» Assignment
Transcribe the lines below exactly. No image belongs in the transcription.

» Given material
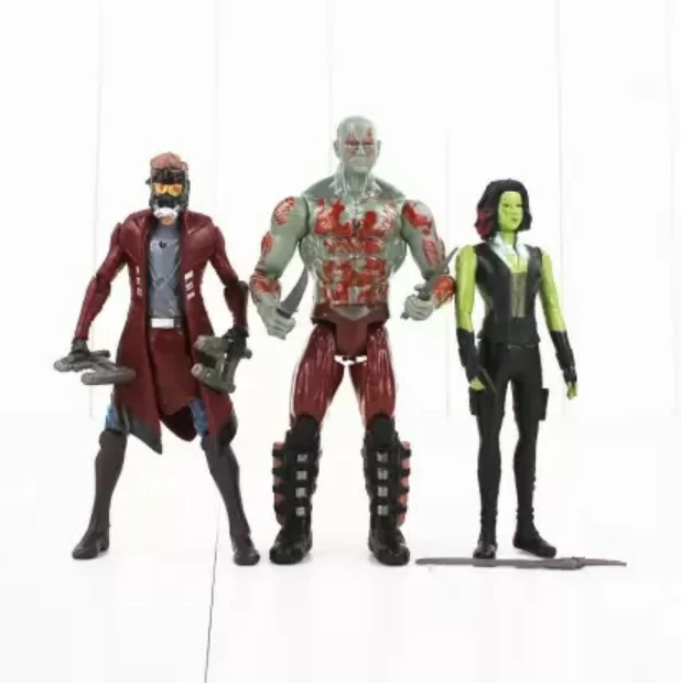 Набор фигурок Стражи Галактики – включает в себя всю команду Часовых Галактики. Команды защищает Землю и другие планеты от межпланетных угроз. Набор фигурок включает в себя 5 персонажей Звездного Лорда, Гамора, Дракса Разрушителя, Енота Ракета, и малыша почвы. В комплекте к лидеру команды идет сменный аксессуар, шлем для выхода в открытый космос.
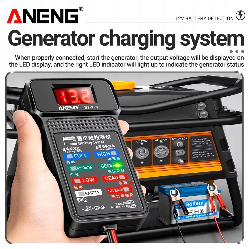 Під час тестування системи заряджання генератора правильно підключіть тестер і клеми акумулятора, потім запустіть генератор, вихідна напруга буде відображатиметься на екрані світлодіодного дисплея, а правий світлодіодний індикатор засвітиться, вказуючи на стан генератора
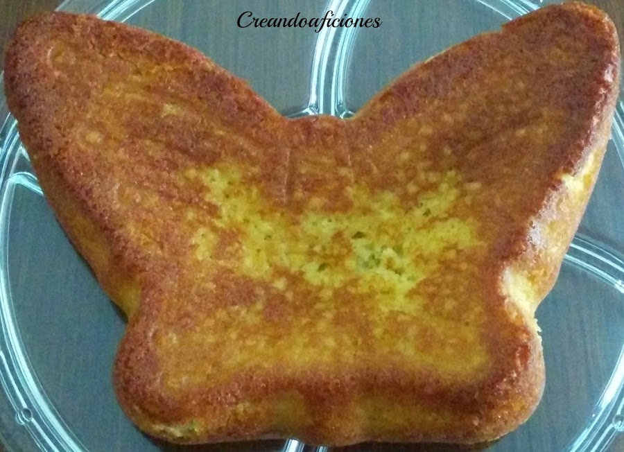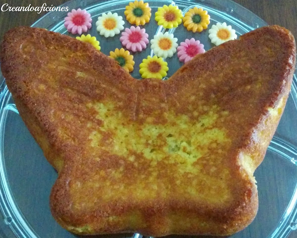 Precalentamos el horno a 180ºC y con aceite engrasamos bien el molde, en este caso con forma de mariposa.

» Response
 Набор фигурок Стражи Галактики – включает в себя всю команду Часовых Галактики. Команды защищает Землю и другие планеты от межпланетных угроз. Набор фигурок включает в себя 5 персонажей Звездного Лорда, Гамора, Дракса Разрушителя, Енота Ракета, и малыша почвы. В комплекте к лидеру команды идет сменный аксессуар, шлем для выхода в открытый космос.
 Під час тестування системи заряджання генератора правильно підключіть тестер і клеми акумулятора, потім запустіть генератор, вихідна напруга буде відображатиметься на екрані світлодіодного дисплея, а правий світлодіодний індикатор засвітиться, вказуючи на стан генератора
 Precalentamos el horno a 180ºC y con aceite engrasamos bien el molde, en este caso con forma de mariposa.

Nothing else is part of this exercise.